Read more: Azure regions

Special regions

For compliance or legal purposes.
Azure Government
- US DoD Central, US Gov Virginia, US Gov Iowa and more
- 📝 Physical and logical network-isolated instances of Azure for US government agencies and partners.
China East, China North and more
- Unique partnership between Microsoft and 21Vianet
- Microsoft does not directly maintain the datacenters.

Geographies

Each region belongs to a single geography
Defined by geopolitical boundaries or country borders.
Has specific service availability, compliance, and data residency/sovereignty rules applied to it
Fault-tolerant to withstand complete region failure through their connection to dedicated networking infrastructure
- 📝 Fault-tolerance: App ability to self-detect and correct all types of problems in its environment
Data residency
- Defines the legal or regulatory requirements imposed on data
- Based on the country or region in which it resides
- 💡 An important consideration when planning out your application data storage.
Geographies are broken up into the following areas
- Americas
- Europe
- Asia Pacific
- Middle East and Africa
Read more: Azure geographies

Availability Zones

📝 Physically separate datacenters within an Azure region.
💡 Allows you to make applications highly available through redundancy.
- Replicate your compute, storage, networking, and data resources in other zones.
- Costs more
- Primarily for VMs, managed disks, load balancers, and SQL databases
- Zonal services: Pin resource to a specific zone.
- Zone-redundant services: Replicates automatically across zones.
Have independent power, cooling, and networking
Set up to be an isolation boundary
- If one zone goes down, the other continues working
Identified as 1-2-3
- Logically mapped to the actual physical zones for each subscription independently.
- Availability Zone 1 in a given subscription might refer to a different physical zone than Availability Zone 1 in a different subscription.
Connected through high-speed, private fiber-optic networks.
❗There are regions that do not support (multiple) availability zones

Region Pairs

Each Azure region is always paired with another region within the same geography
- E.g.

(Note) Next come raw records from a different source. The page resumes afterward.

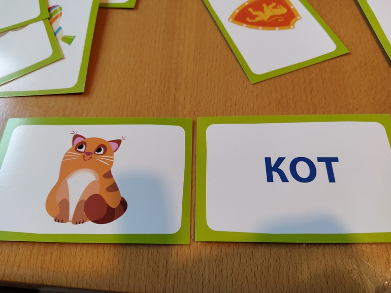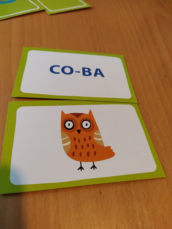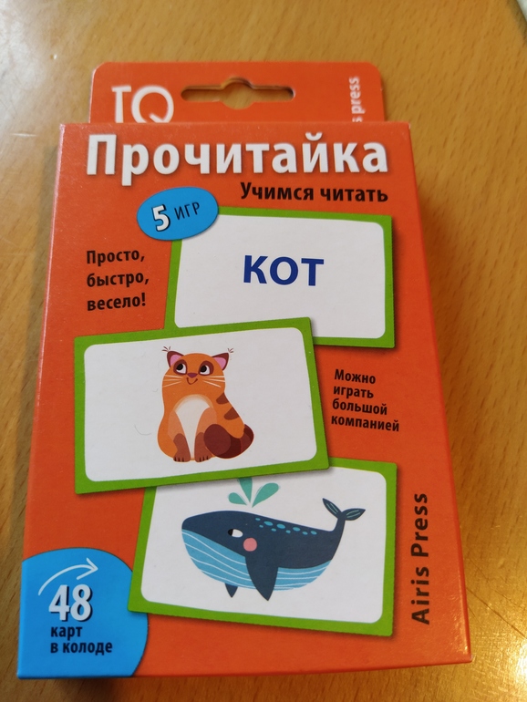 Ещё мне понравился вариант "Искатели", но он для нескольких детей одинакового возраста, внём все карты выкладываются на стол и по мере чтения дети собирают пары, кто больше пар соберёт, тот и победил.
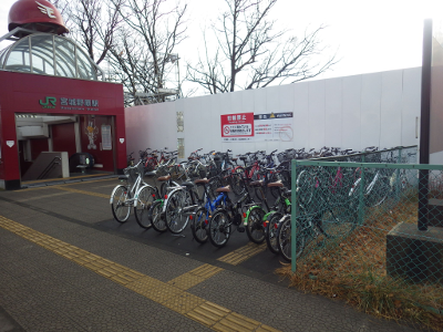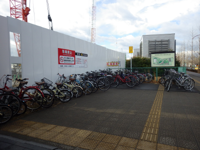 道から雪が消えてこの日,宮城野原駅前に違法駐輪された自転車の数は,概ね,平常通りの数であった。点字ブロックの上に置かれた自転車の数は,いつもより数台少ない感じだ。
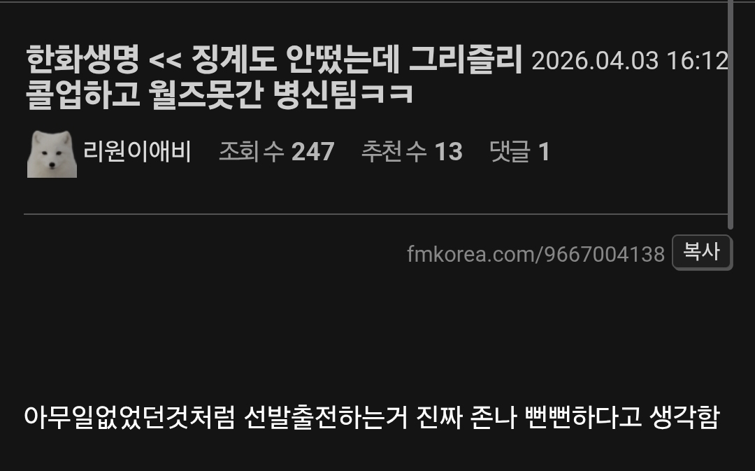 작성자룰룰루룰룰루 작성시간 26.04.03 징계가 안나왔더라도 안나오는게 맞지않나;;;;
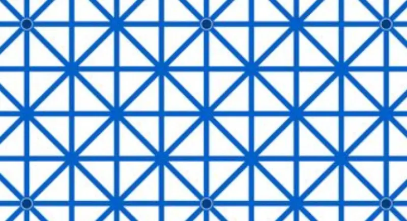Як пише The Mirror, ця запаморочлива ілюзія показує кілька перехресних синіх ліній з дев'ятьма темнішими синіми крапками, розкиданими скрізь, і це зовсім не те, що здається на перший погляд.
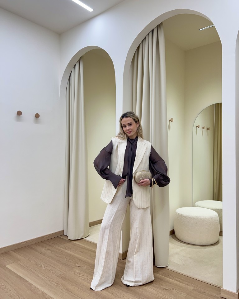 Un completo chiaro gessato con gilet e pantaloni ampi, abbinato a una blusa morbida e trasparente color moro con fiocco al collo. Il look è completato da una clutch dorata, che aggiunge luce ed eleganza.

West US paired with East US, and South East Asia paired with East Asia
Pairs are at least 300 (≈ 500 km) miles away.
Allows for the replication of resources, e.g. virtual machine storage
- Some services offer automatic geo-redundant storage using region pairs.
Reduce the likelihood of interruptions to both regions
- E.g. natural disasters, civil unrest, power outages, or physical network outages
If one region fails, services automatically fail over to the other region in its region pair.
Data continues to reside within the same geography as its pair (except for Brazil South) for tax and law enforcement jurisdiction purposes.
If there's an extensive Azure outage =>
- One region out of every pair is prioritized to make sure at least one is restored as quick as possible,
Planned Azure updates are rolled out to paired regions one region at a time to minimize downtime and risk of application outage.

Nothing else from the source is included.